- Battle of Ust-Padenga: Part of North Russia intervention in the Russian Civil War
| Date | January 19, 1919 |
| Location | Ust-Padenga, Arkhangelsk Governorate, Russia |
| Result | Soviet victory American retreat from Ust-Padenga; |
| Territorial changes | The Bolsheviks occupied Ust Padenga |

Belligerents
- United States: Russian SFSR

Commanders and leaders
- Lieutenant Harry Mead: Unknown

Units involved
- American Expeditionary Force, North Russia or the 339th Infantry Regiment "Polar Bears": Unknown

Strength
- 47 soldiers: ~800 Bolshevik infantrymen

Casualties and losses
- 25 killed, 15 injured: Unknown

= Battle of Ust-Padenga =

Battle during the Russian Civil War

The Battle of Ust-Padenga, also known as the Defense of Ust-Padenga, was a minor battle during the Russian Civil War, fought in Ust-Padenga, located in Arkhangelsk Governorate, 500 miles away from Moscow.
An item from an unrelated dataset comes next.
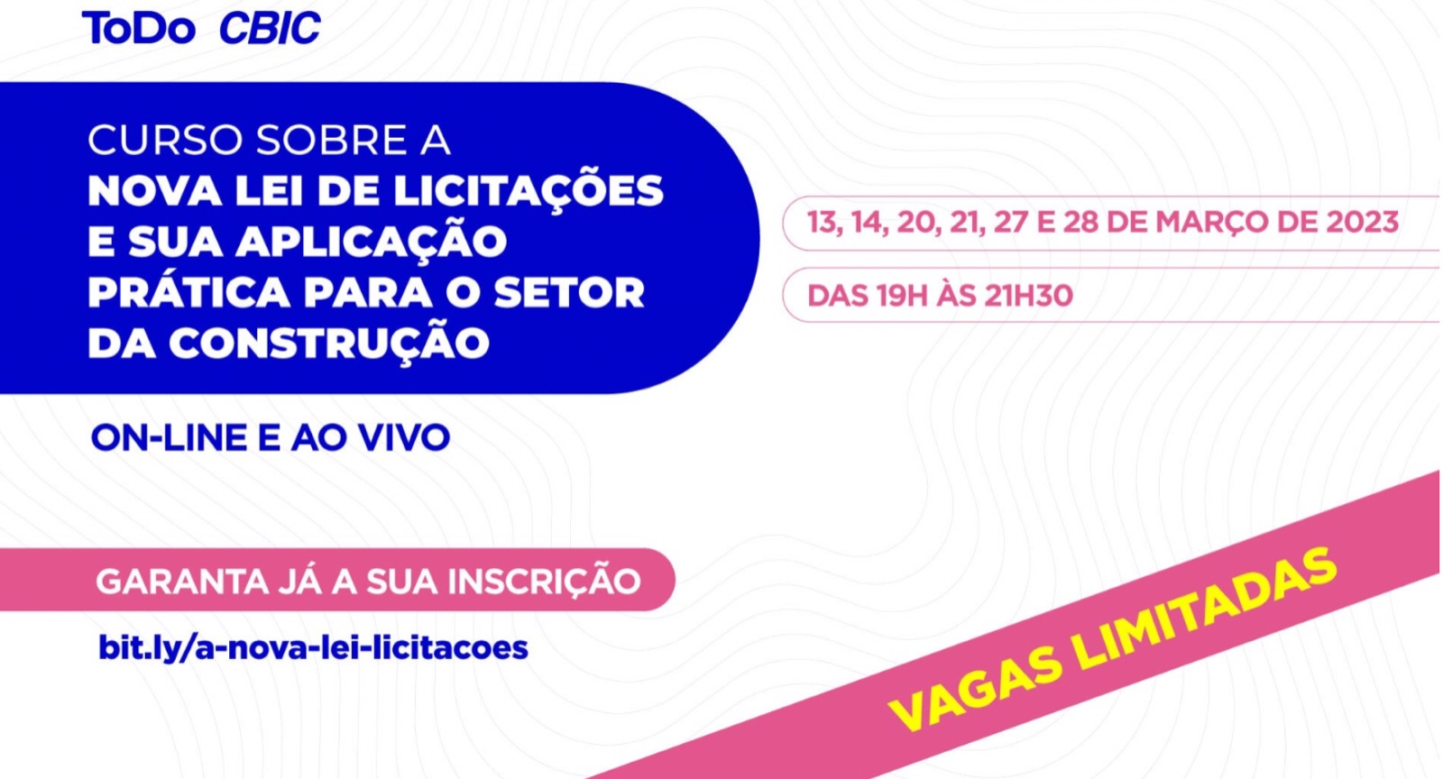 A Câmara Brasileira da Indústria da Construção (CBIC) preparou um curso inédito sobre a Nova Lei de Licitações e Contratos e sua Aplicação Prática, com foco em aspectos aplicáveis ao setor da construção civil. A entidade reunirá especialistas em contratações públicas para trazerem as questões chave, que deverão ser consideradas para a obtenção de maior êxito em fases de contratação e na execução contratual. Serão sete dias de aula, entre 13 e 28 de março, das 19h às 21h30, pela internet. As vagas são limitadas e estão disponíveis no site.

It was a part of a larger retreat which occurred in January 1919 during the larger-scale Battle of Shenkursk.

== Background ==

=== Nizhnyaya Gora, Battle of Shenkursk ===

During the Battle of Ust-Padenga, a larger-scale battle had also been occurring at the same time. This was the Battle of Shenkursk, which began on January 19, 1919, and ended on January 25th, 1919 and was a major battle of the Russian Civil War. Following the Bolshevik loss at the Battle of Tulgas, the Red Army's next offensive action was against the Allied garrison of Shenkursk; located on the Vaga River. Allied forces in Shenkursk and the surrounding villages included men primarily from the United States and the United Kingdom with support from the White Russians. The battle ended with an Allied retreat from Shenkursk ahead of a superior Bolshevik army.

== The battle ==

=== Bolshevik bombardment ===
Just before dawn on January 19, Red Army soldiers moved through the tiny houses in the village of Ust-Padenga, hoping to push the Americans 200 miles away from their position, all the way to the White Sea. Bolshevik soldiers began firing artillery shells at the American positions, awaking Lieutenant Harry Mead from his sleep. The artillery shells fell for an hour until Bolshevik soldiers dressed in all-white uniforms rose up and began advancing on the American position, firing automatic rifles and muskets at the outnumbered Americans. Lieutenant Mead is quoted as saying:

"I at once realized that our position was hopeless. We were sweeping the enemy line with machine gun and rifle fire. As soon as one wave of the enemy was halted on one flank another was pressing in on us from the other side."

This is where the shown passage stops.